15min:

ESSAM HAMMAM, WILLIAM KLEMPERER, Harvard University, Department of Chemistry and Chemical Biology, Cambridge, Massachusetts, 02138; J. M. DYKE AND E. P. LEE, Southampton University, Department of Chemistry, Southampton SO17 1BJ UK.

As the first ionization energy of O₂ is 12.08 eV, O₂ is easily photoionized by solar radiation. As a result O₂⁺ is a major constituent of the upper atmosphere, notably the E-region at altitude greater than 85 km. One of the issues of current interest in the chemistry of the upper atmosphere, concerns formation of the proton hydrates H⁺(H₂O)_n through the hydration of the O₂⁺ ions.

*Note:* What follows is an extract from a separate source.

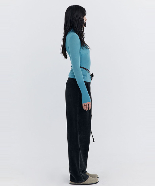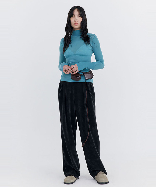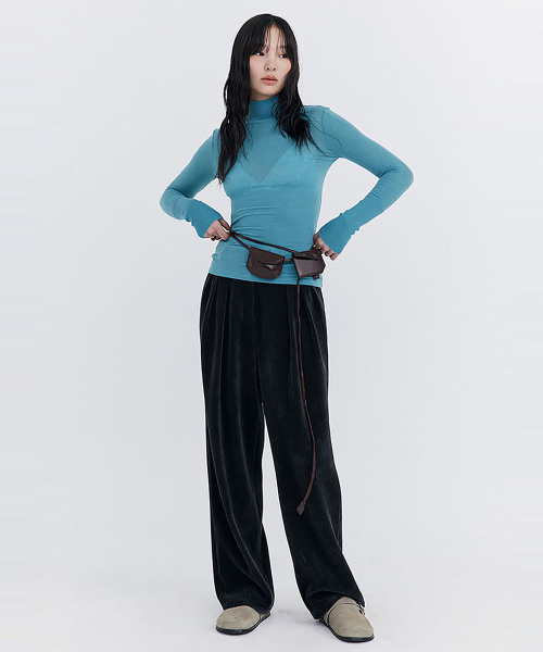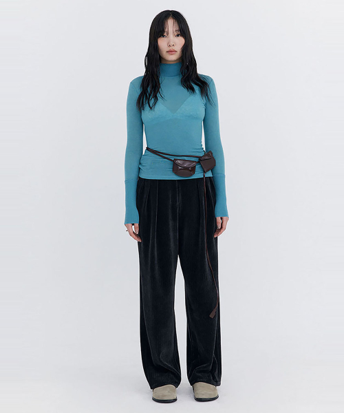 Knit Rib Half Turtleneck T-shirt / Blue

The proton hydrates mainly populate the D-region of the upper atmosphere below 82 km.

We calculate minimum energy isomers, vibrational frequencies, stepwise binding energies and thermodynamics parameters ( H^^\circ, S^^\circ, and G^^\circ) for the cluster ions O₂⁺.(H₂O)_n, n=1-3 at a high ab initio level of theory. Relative electronic energies were calculated at RCCSD(t)/aug-cc-pVTZ//UMP2/6-311++G(3df,3pd) level. The inclusion of zero point energy (ZPE) and the full counterpoise correction for the basis set superposition error (BSSE) is essential to obtain the correct energy ordering for the different isomers of a cluster ion in different electronic states. The nature of stepwise hydration processes is discussed based on the isomeric structure obtained. A mechanistic pathway for the formation of proton hydrates from the [O₂.(H₂O)_n]⁺ ions will be illustrated.